7.

7.

Ни один род художественного или научного изследования, опытного или умозрительного, не предоставляет такой исключительно удобной возможности испытать свои смутные подозрения или верования, как ладно сделанный роман. «Роман» — один из самых неудачных, в корне неверных литературных терминов, которым пользуешься как тупыми ножницами — за неимением наточенных. В самом общем виде теория романа может быть сведена к следующим последовательным тезисам:

Сочинитель «романа» стремится к новому описанию узнаваемой действительности ?

посредством согласного взаимодействия памяти и воображения, ?

для чего необходимо воспроизведение основополагающих условий, или модусов, бытия, ?

главным из которых является время, ?

другое наименование которого — изменение, ?

изменение же, по человеку, предполагает наличие причинно-следственной цепи, ?

в которой, на сем свете, недостает причинных звеньев ?

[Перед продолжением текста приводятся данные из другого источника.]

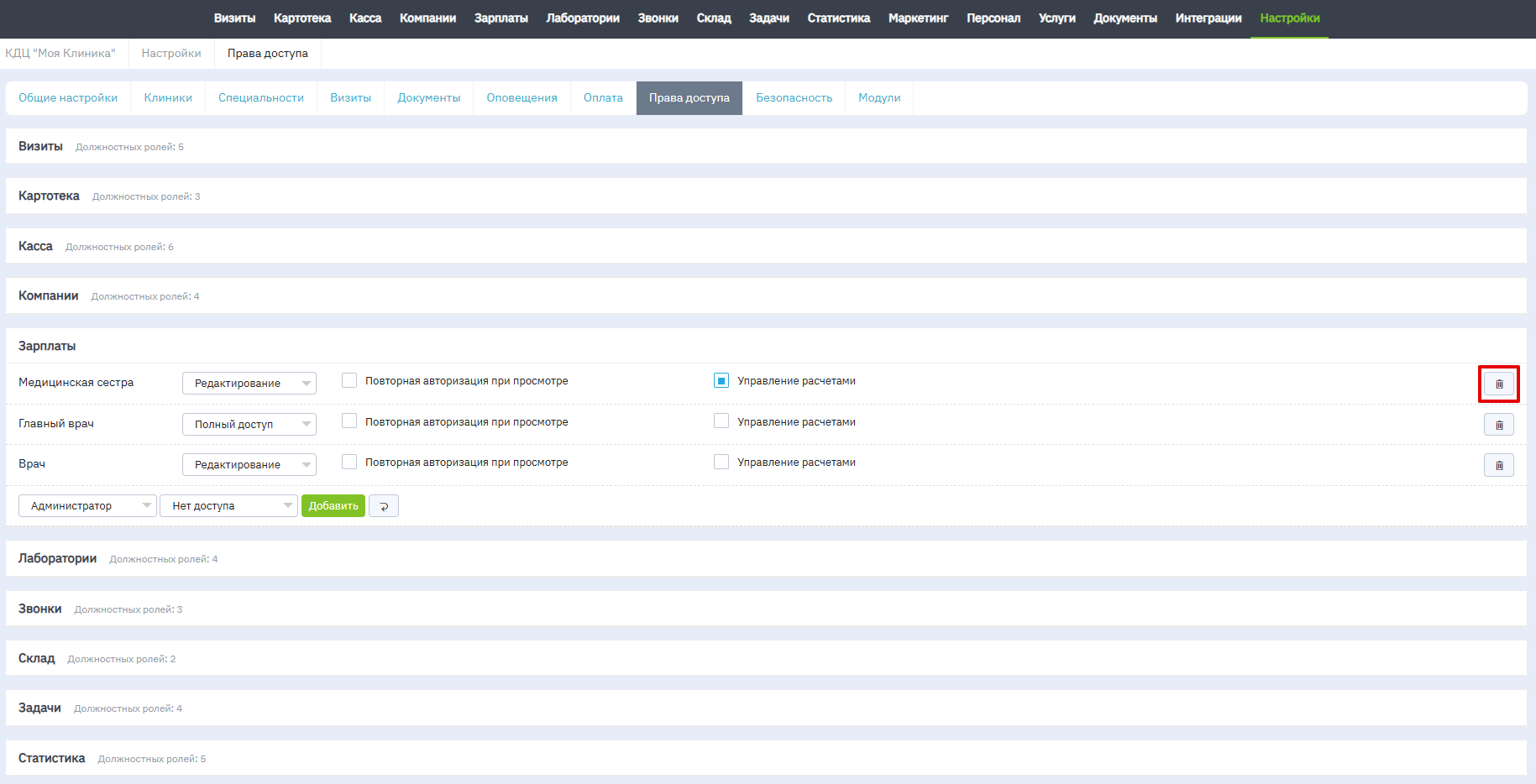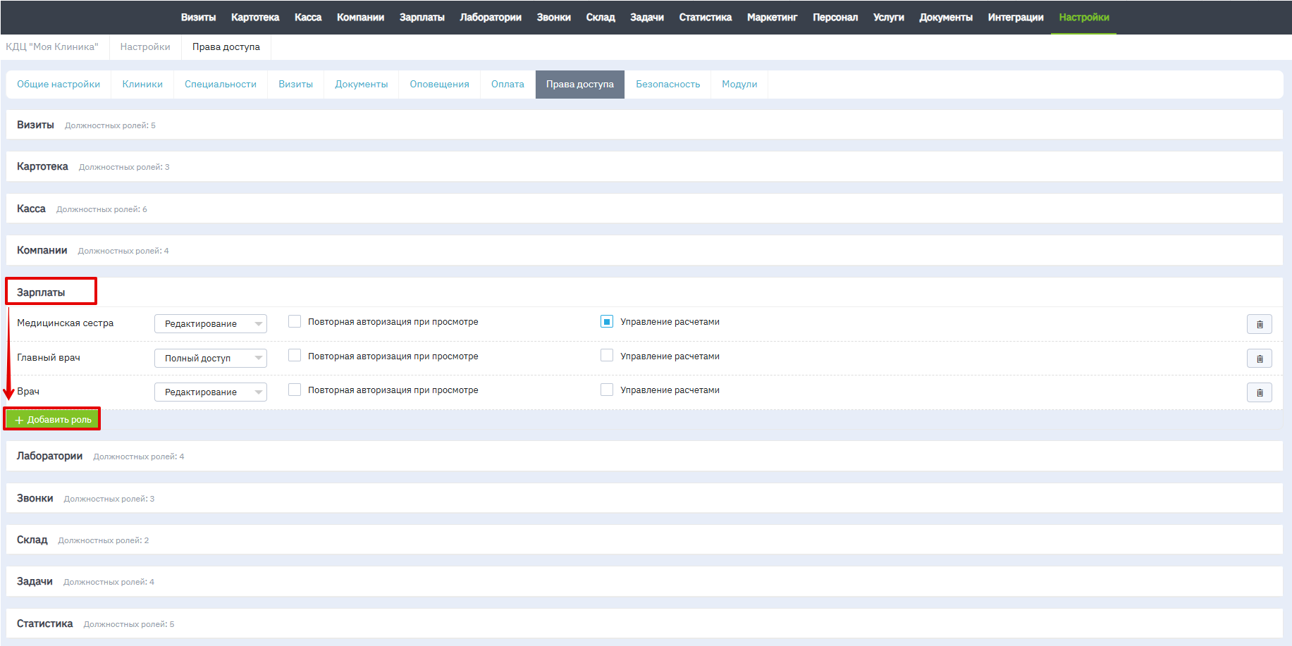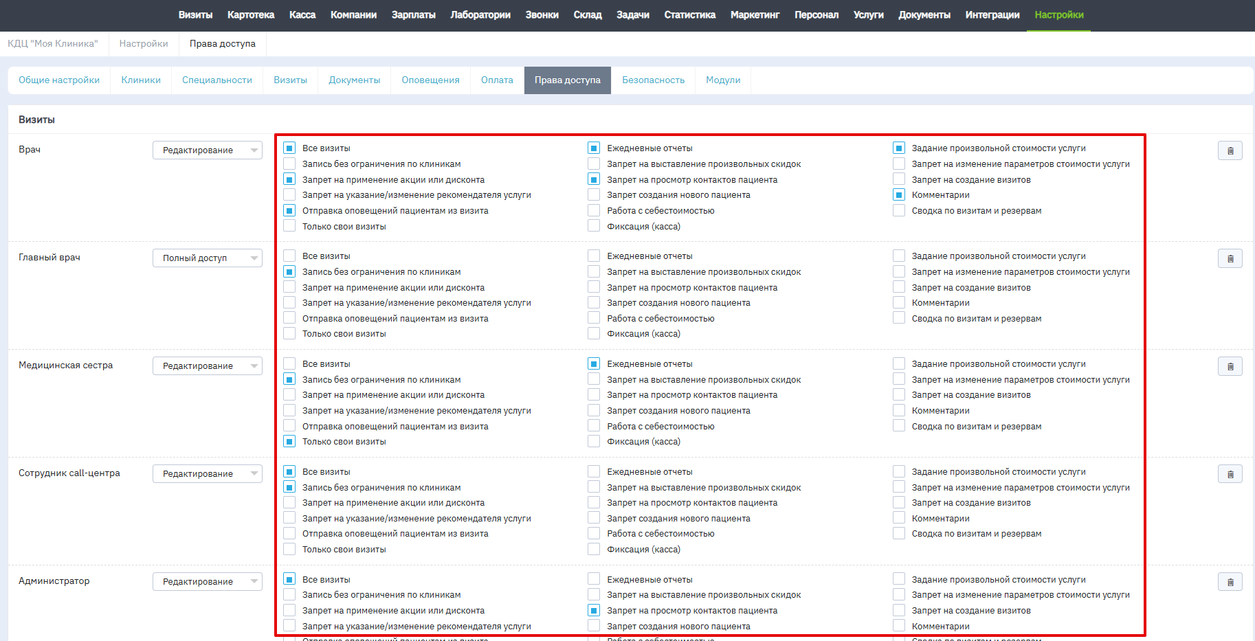 Права доступа назначаются не сотруднику напрямую, а должностной роли — системной или созданной пользователем (например врач, администратор и т.д)

восполняемых сочинителем в «романе»,

для чего требуется искусственная обработка (нарезка, фальцовка, сшивка, торшировка и т. д.) времени; требуется пространство времени: растянутого или сжатого, прерывистого, разслоившегося, поступательного. И только это последнее обстоятельство определяет относительно большие размеры романа сравнительно с другими родами прозы.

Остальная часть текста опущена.